*Work to complete*:
Retype, without pictures, the line holding "블루스크린 0x0000000A 오류가 나타나는 경우는 총 6가지입니다." and each line below it through the final line.

(Extracted records)
......
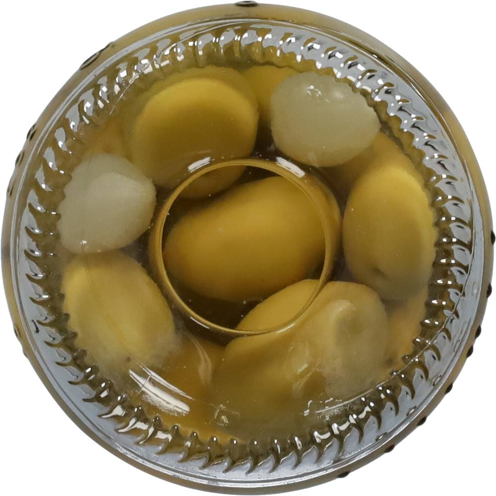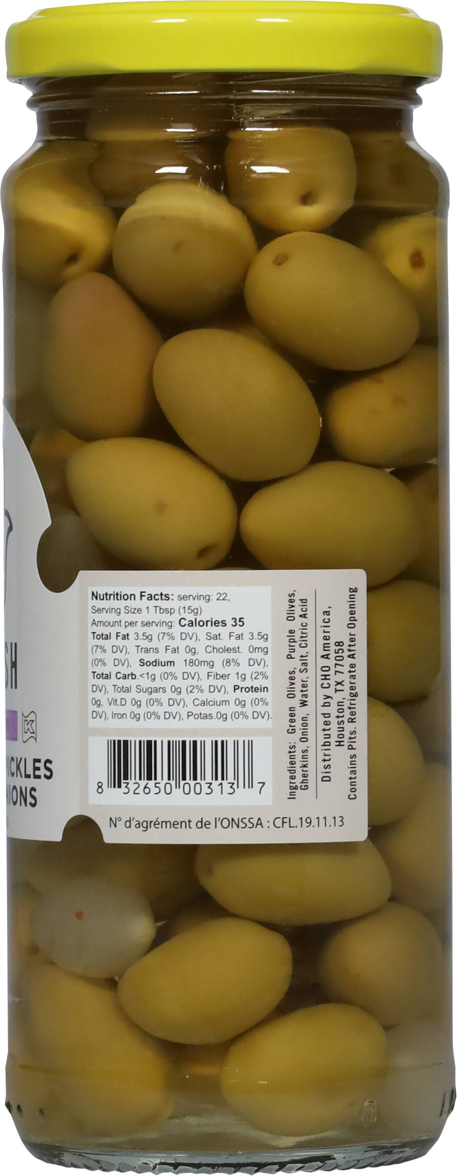 Green Olives, Purple Olives, Gherkins, Onion, Water, Salt, Citric Acid.
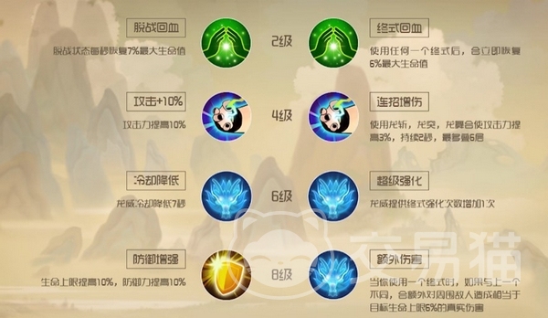 然后究竟是它的天赋,在升级时可以选择天赋加点,2级从脱战回血和强化技能使用回血中选一个,4级是从永久加攻击和提升连招伤害中2选一,6级是降低大招冷却或者增加强化技能的使用次数。8级则加血防或者使用不同强化技时会额外对目标造成对方血量百分比的真实伤害。天赋选好了之后是无法再修改的,所以加点一定要更慎重一点。
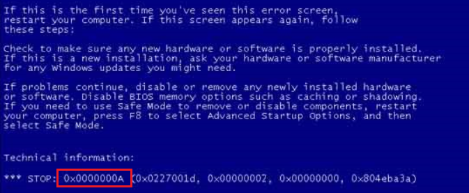 블루스크린 0x0000000A 오류가 나타나는 경우는 총 6가지입니다.
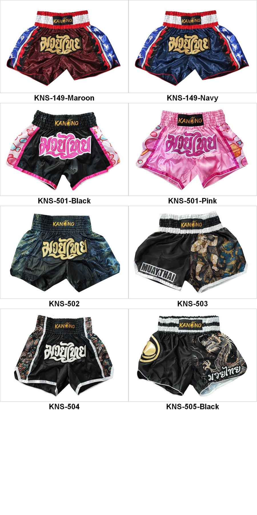 กางเกงมวยไทย by Kanong ทำจากผ้าซาตินเกรดสูงเป็นพิเศษ ที่นิยมใช้สำหรับทำกางเกงมวยไทยคุณภาพให้กับนักชกไทยและต่างประเทศ คงลวดลายเป็นเอกลักษณ์ ให้อารมณ์ความเป็นมวยไทยมากขึ้น
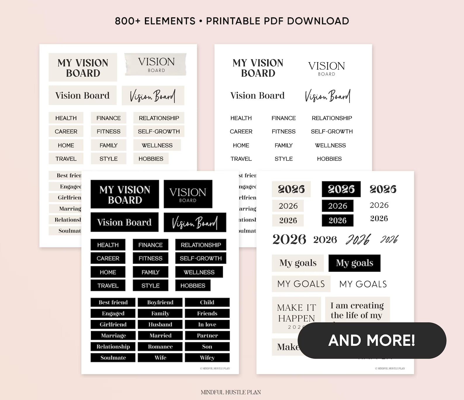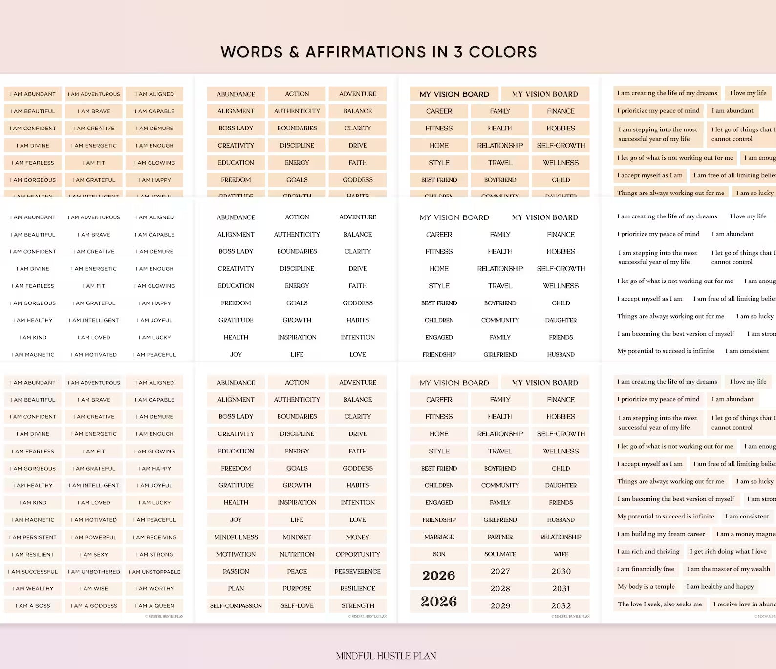 Kit Vision Board 2026, imprimable, modèle de tableau de vision esthétique, pages de l'agenda Manifestation, pour femme, luxe, santé, crème neutre
......
*Solved problem*:
 블루스크린 0x0000000A 오류가 나타나는 경우는 총 6가지입니다.
 กางเกงมวยไทย by Kanong ทำจากผ้าซาตินเกรดสูงเป็นพิเศษ ที่นิยมใช้สำหรับทำกางเกงมวยไทยคุณภาพให้กับนักชกไทยและต่างประเทศ คงลวดลายเป็นเอกลักษณ์ ให้อารมณ์ความเป็นมวยไทยมากขึ้น
 Kit Vision Board 2026, imprimable, modèle de tableau de vision esthétique, pages de l'agenda Manifestation, pour femme, luxe, santé, crème neutre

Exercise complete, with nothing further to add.